Benign enlargement of the prostate gland (BPH) is a condition that will affect virtually all men who are blessed with a long life span—90 percent of men over 80 years of age have an enlarged prostate. The most well-known symptom of this disorder is the frequent need to urinate, especially at night. If the symptoms become severe enough, which ultimately means a complete blockage of the urethra, surgery is the only remedy. However, before that stage is reached (and it may never be reached for many men), drug therapy is usually the first line of defense in managing the symptoms as they become too annoying to ignore.
Conventional Western medicine relies on two different types of drug to treat an enlarged prostate that is creating moderate symptoms. One of these, finasteride (Proscar), brings relief by shrinking the prostate. The other drugs of choice are known as alpha-blockers and include Minpress, Cardura, and Hytrin. They work by helping various muscles relax, thus easing constriction of the urethra and improving flow.

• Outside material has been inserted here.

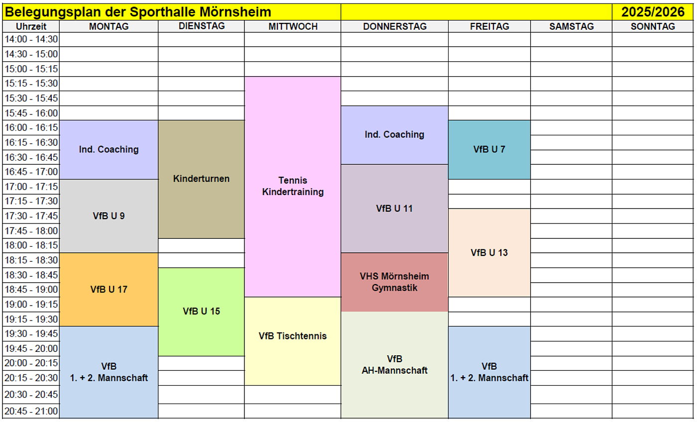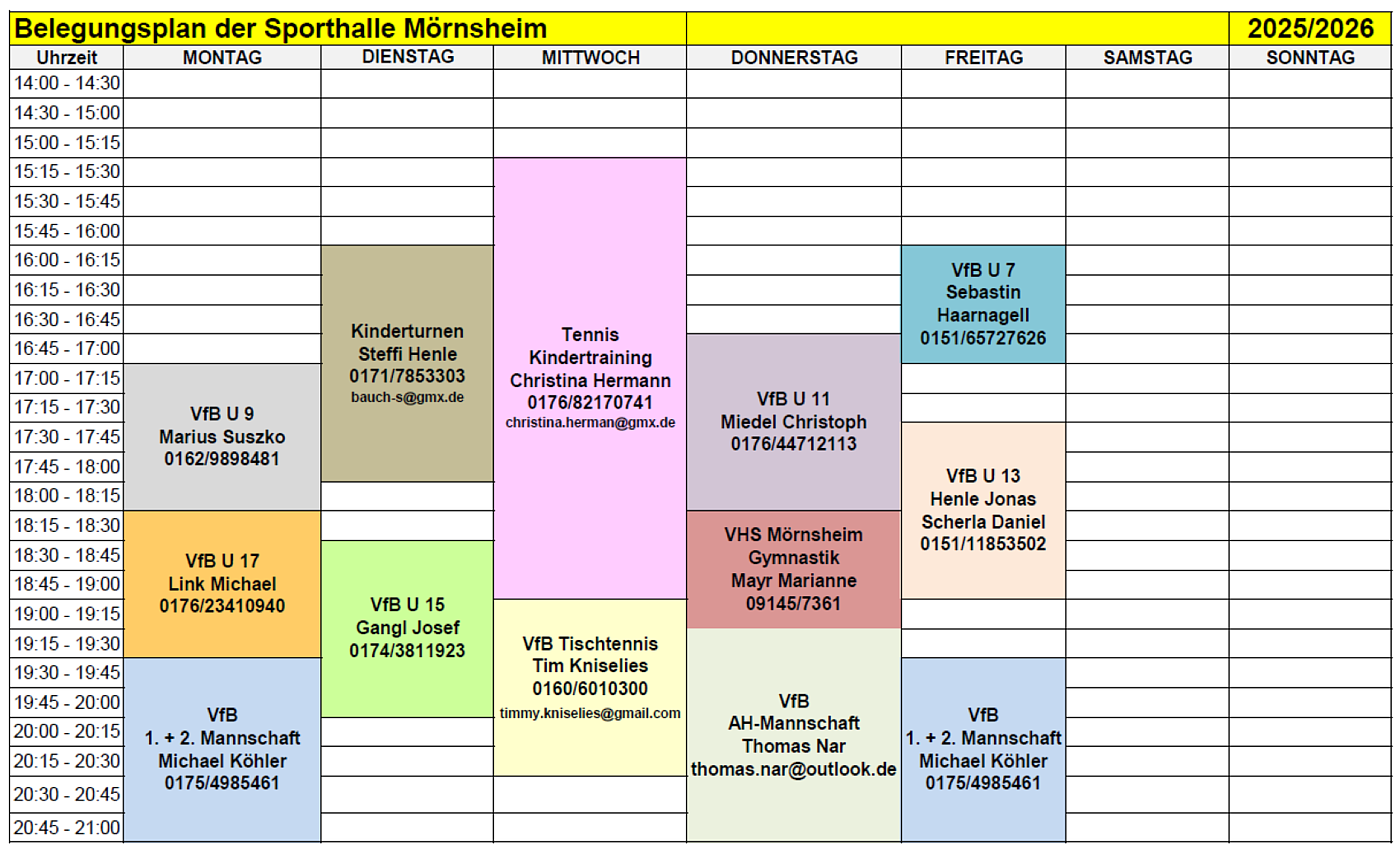 Belegungskalender Sporthalle Mörnsheim 25/26

These drugs do improve the lives of many sufferers, but unfortunately they also have a downside. Finasteride only works well for patients whose prostate is greatly enlarged, being less effective in cases of mild enlargement. It can also take six months before any improvement is seen. Both drug types have unwelcome side effects. Finasteride can cause erectile dysfunction in almost 10 percent of users and it can interfere with the user’s PSA level—a standard prostate cancer-screening index. Alpha-blockers may also interfere with sexual function, but their worst side effect is lowered blood pressure.
Alternative health practitioners, as well as increasing numbers of conventional physicians, offer a third option when it comes to the non-surgical treatment of BPH—naturally occurring saw palmetto. This extract, obtained from a small palm-like plant grown in the West Indies and southeast United States, has a long history of being useful in the treatment of prostate problems. It was widely used in Europe throughout the 20th century and, since the 1990s, has steadily gained a greater following in the U.S. It is now one of the highest selling herbal remedies on the market.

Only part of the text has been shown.